The composer’s graphic notation also creates some very practical performance problems for the percussionists to resolve. In the Rochester performance the graphic notation in the “Pyramids” required individual players to perform patterns of 3:2, 7:4, 9:8, 5:4, and 6:4, all played simultaneously, so many players (including myself) transcribed their parts into another, more accessible notation. The actual effect of these combined notation forms in performance resulted in sound patterns that seemed completely improvised, and indeed, the exact same musical effect for the listeners might have been accomplished by using traditional notation with simple instructions for the players to improvise, because the mathematical complexity in the composer’s notation – assuming it could ever be precisely performed – would be beyond the ability of most listeners’ perception.
A more obvious aesthetic challenge for listeners is that “Inuksuit” is not composed in the mold of a traditional piece of music – the notation is unique; the players perform independently; and the piece is meant to be performed outdoors instead of in a concert hall. The piece also has a considerable theatrical aspect that some might say is at least as important as, or even more important than the sounds in the music.
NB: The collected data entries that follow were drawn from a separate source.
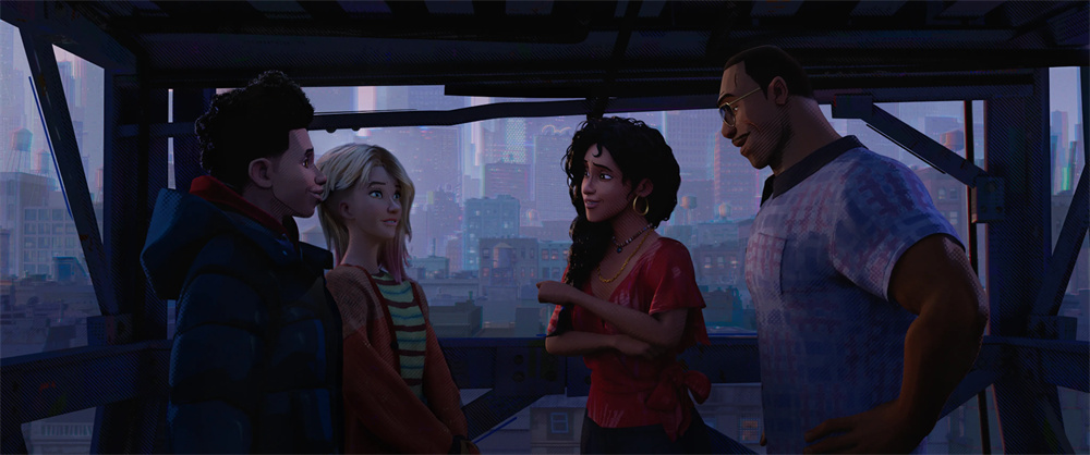《蜘蛛侠:纵横宇宙》则从“大”走向了“小”。别看本片里面登场的蜘蛛侠多到铺满整个屏幕,还有一蛛战百虫的壮观画面,但其实本片叙事的切入口很接地气。如果前作讲述的主角迈尔斯怎样战胜青春期的迷茫,认识到“能力越大责任越大”的道理,那么本作就聚焦于迈尔斯怎样面对各种外部规则给成长带来的压抑。当然,贯穿于两部电影的主题,还有家长能不能理解孩子的理想和追求,孤独的年轻人怎么样找到志同道合的朋友/恋人等等。这些内容不像漫威宇宙那么复杂,也没有DC宇宙刻意营造的“深刻”,但好就好在真诚、温情。生活化的语言和表现方式,也最容易引起观众的共鸣,可以说,本片是非常“讨巧”的。
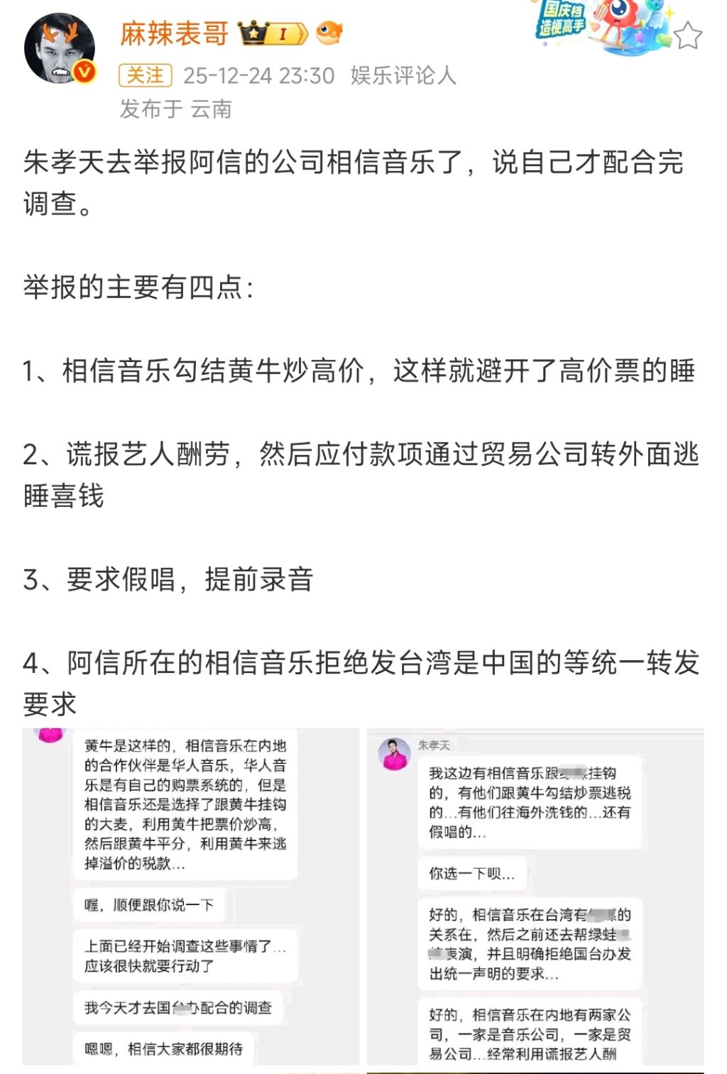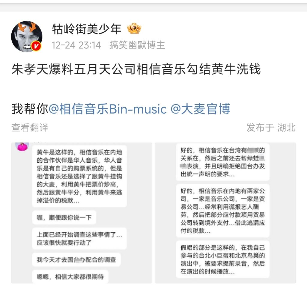 12月24日深夜,娱乐圈再爆大瓜。疑似知名演员兼歌手朱孝天在粉丝群里爆料,称五月天的公司相信音乐涉嫌勾结大麦平台洗钱,情节相当恶劣。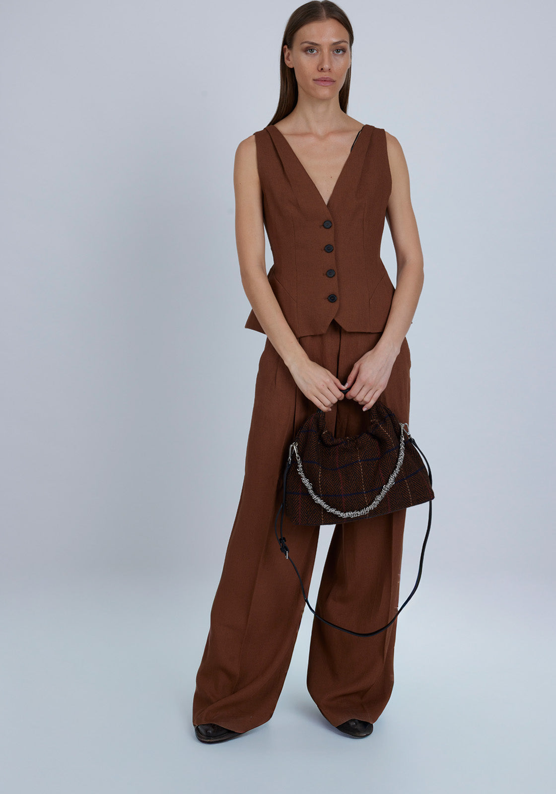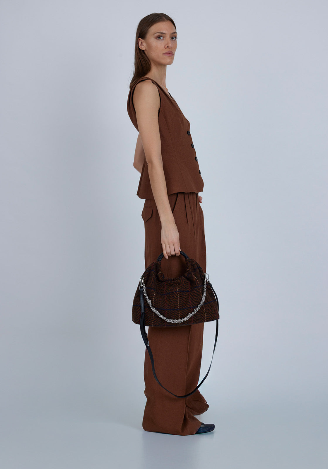 Su característica asa fruncida aporta estilo y comodidad al llevarlo en la mano, mientras que la bandolera desmontable con detalle metálico en forma de cadena elástica permite transformarlo en un bolso cruzado con mucha personalidad. Su interior espacioso lo convierte en el compañero perfecto para tu día a día o para una salida nocturna con estilo.

Rather than call this piece “music,” some might prefer to call it something else – “music-theater” or a “music-happening.” However, regardless of what it’s called, the piece certainly had a strong effect on the Rochester listeners, with many of them reporting that they were “very moved” by the performance.
For me, there remains a certain irony in the performance, successful though it was for many listeners, of a piece that is intended to convey a sense of nature while being performed by sixty-some percussionists appearing to be improvising complex patterns or producing an avalanche of sound (in “Waves”) for a thousand listeners meandering about in an urban industrial setting. While ”Inuksuit” was definitely an experience worth having at least once, I wonder whether a more informative way to get a sense of nature might be to spend a little time alone in the nearest woods.